These teams are as follows:

  • Advanced analytics team (data lake and data mesh) – Data engineers are responsible for preparing and ingesting data from multiple sources, building ETL (extract, transform, and load) pipelines to curate and catalog the data, and prepare the necessary historical data for the ML use cases. These data owners are focused on providing access to their data to multiple business units or teams.
  • Data science team – Data scientists need to focus on creating the best model based on predefined key performance indicators (KPIs) working in notebooks.

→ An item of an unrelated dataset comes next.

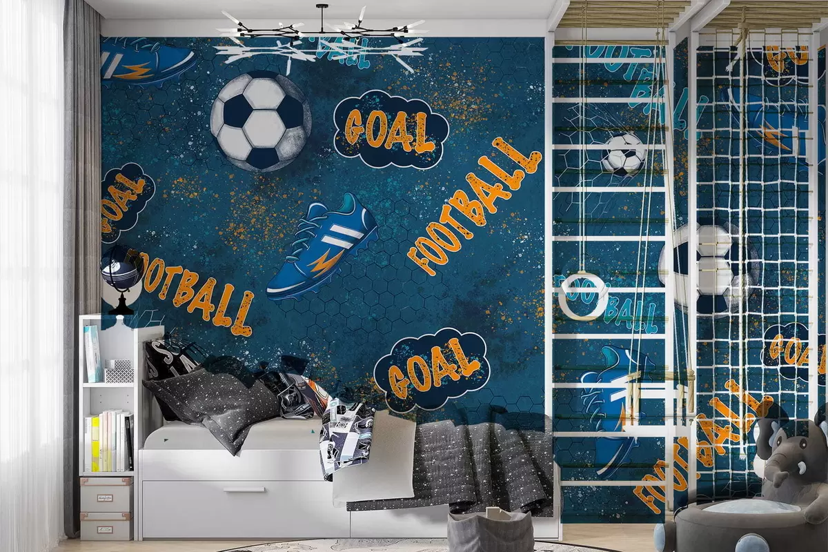 Zidne murale Dječji uzorak s loptama, cipelama i sportskim riječima br. w05037

After the completion of the research phase, the data scientists need to collaborate with ML engineers to create automations for building (ML pipelines) and deploying models into production using CI/CD pipelines.
  • Business team – A product owner is responsible for defining the business case, requirements, and KPIs to be used to evaluate model performance. The ML consumers are other business stakeholders who use the inference results (predictions) to drive decisions.
  • Platform team – Architects are responsible for the overall cloud architecture of the business and how all the different services are connected together. Security SMEs review the architecture based on business security policies and needs. MLOps engineers are responsible for providing a secure environment for data scientists and ML engineers to productionize the ML use cases. Specifically, they are responsible for standardizing CI/CD pipelines, user and service roles and container creation, model consumption, testing, and deployment methodology based on business and security requirements.
  • Risk and compliance team – For more restrictive environments, auditors are responsible for assessing the data, code, and model artifacts and making sure that the business is compliant with regulations, such as data privacy.

Note that multiple personas can be covered by the same person depending on the scaling and MLOps maturity of the business.

These personas need dedicated environments to perform the different processes, as illustrated in the following figure.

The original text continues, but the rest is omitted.